# [TASK TO CARRY OUT]
Would you reproduce every record exactly, leaving out the pictures?

☆ ☆ ☆

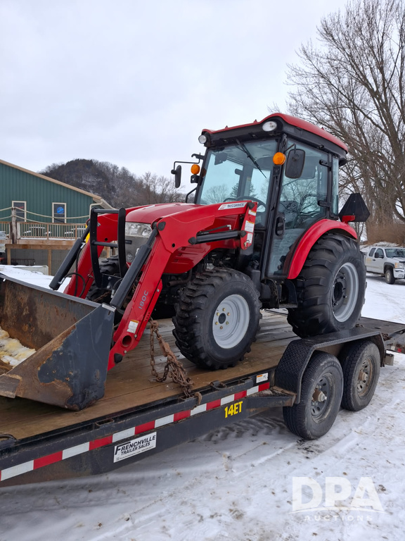 2017 McCormick X1.55 Tractor (PD5450), 4 cylinder diesel engine, 47 hp, hydrostatic transmission, PTO, 2 rear remotes, 3 point, backup rear camera, Universal Quick Attach 180C bucket, shows 663 hours.
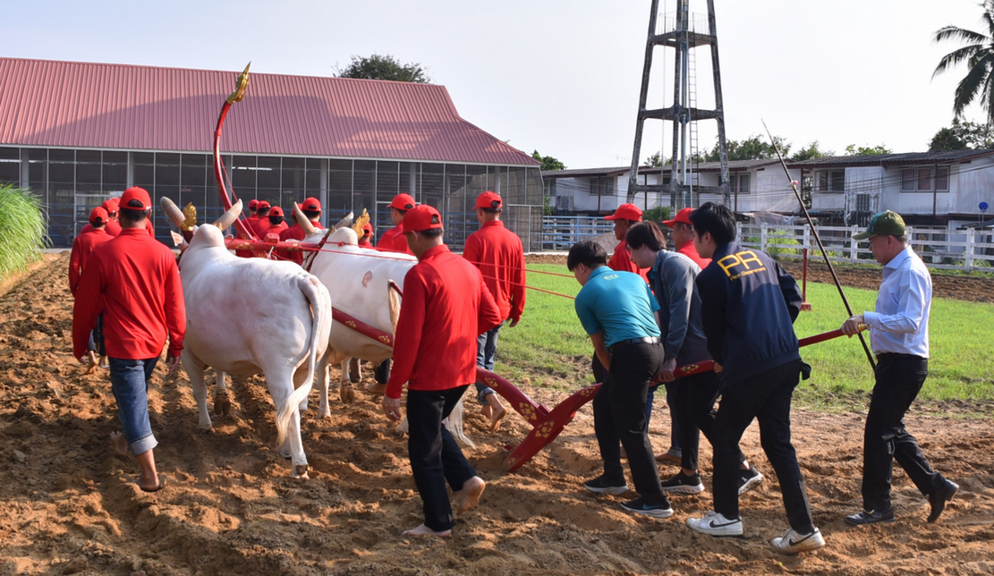 ในโอกาสนี้ ปลัดกระทรวงเกษตรฯ พร้อมทั้งเทพีคู่หาบทอง-คู่หาบเงิน ได้รับชมการสาธิตการฝึกซ้อมไถโดยพระโคคู่แรกนา และพระโคสำรอง รวมทั้งร่วมการฝึกซ้อมไถกับพระโคคู่แรกนา ณ ลานอเนกประสงค์ ศูนย์วิจัยการผสมเทียมและเทคโนโลยีชีวภาพราชบุรี ซึ่งการตรวจเยี่ยมการจัดเตรียมพระโคในครั้งนี้ ถือเป็นการเตรียมความพร้อมสำหรับการจัดงานพระราชพิธีพืชมงคลจรดพระนังคัลแรกนาขวัญ ประจำปี 2568 ที่จะจัดขึ้นในวันที่ 9 พฤษภาคม 2568 ณ มณฑลพิธีท้องสนามหลวง อีกด้วย
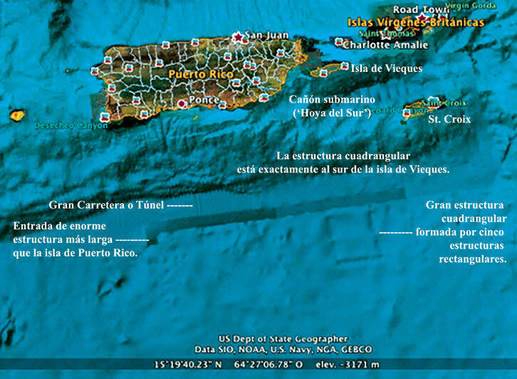 The underwater terrain near Puerto Rico shows what many believe are underwater bases of some kind. Courtesy researcher Jorge Martin.
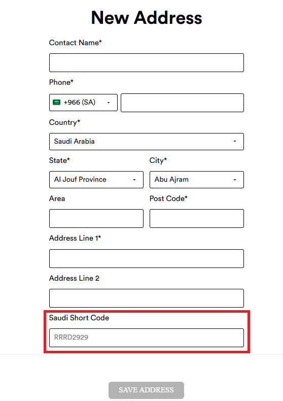 Merchants have to capture the Saudi National Address Short Code in their sales channels (website, apps, etc.) and map it to this field with the type SAUDI_SHORT_CODE.
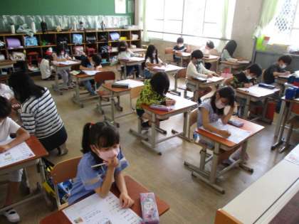 「たし算とひき算」の学習が終わったので,テストをしました。
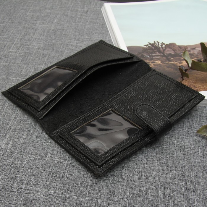 Кошелёк мужской, 4 отдела, для карт, монет, с хлястиком, цвет чёрный

☆ ☆ ☆

# [SOLVED EXERCISE]
 2017 McCormick X1.55 Tractor (PD5450), 4 cylinder diesel engine, 47 hp, hydrostatic transmission, PTO, 2 rear remotes, 3 point, backup rear camera, Universal Quick Attach 180C bucket, shows 663 hours.
 ในโอกาสนี้ ปลัดกระทรวงเกษตรฯ พร้อมทั้งเทพีคู่หาบทอง-คู่หาบเงิน ได้รับชมการสาธิตการฝึกซ้อมไถโดยพระโคคู่แรกนา และพระโคสำรอง รวมทั้งร่วมการฝึกซ้อมไถกับพระโคคู่แรกนา ณ ลานอเนกประสงค์ ศูนย์วิจัยการผสมเทียมและเทคโนโลยีชีวภาพราชบุรี ซึ่งการตรวจเยี่ยมการจัดเตรียมพระโคในครั้งนี้ ถือเป็นการเตรียมความพร้อมสำหรับการจัดงานพระราชพิธีพืชมงคลจรดพระนังคัลแรกนาขวัญ ประจำปี 2568 ที่จะจัดขึ้นในวันที่ 9 พฤษภาคม 2568 ณ มณฑลพิธีท้องสนามหลวง อีกด้วย
 The underwater terrain near Puerto Rico shows what many believe are underwater bases of some kind. Courtesy researcher Jorge Martin.
 Merchants have to capture the Saudi National Address Short Code in their sales channels (website, apps, etc.) and map it to this field with the type SAUDI_SHORT_CODE.
 「たし算とひき算」の学習が終わったので,テストをしました。
 Кошелёк мужской, 4 отдела, для карт, монет, с хлястиком, цвет чёрный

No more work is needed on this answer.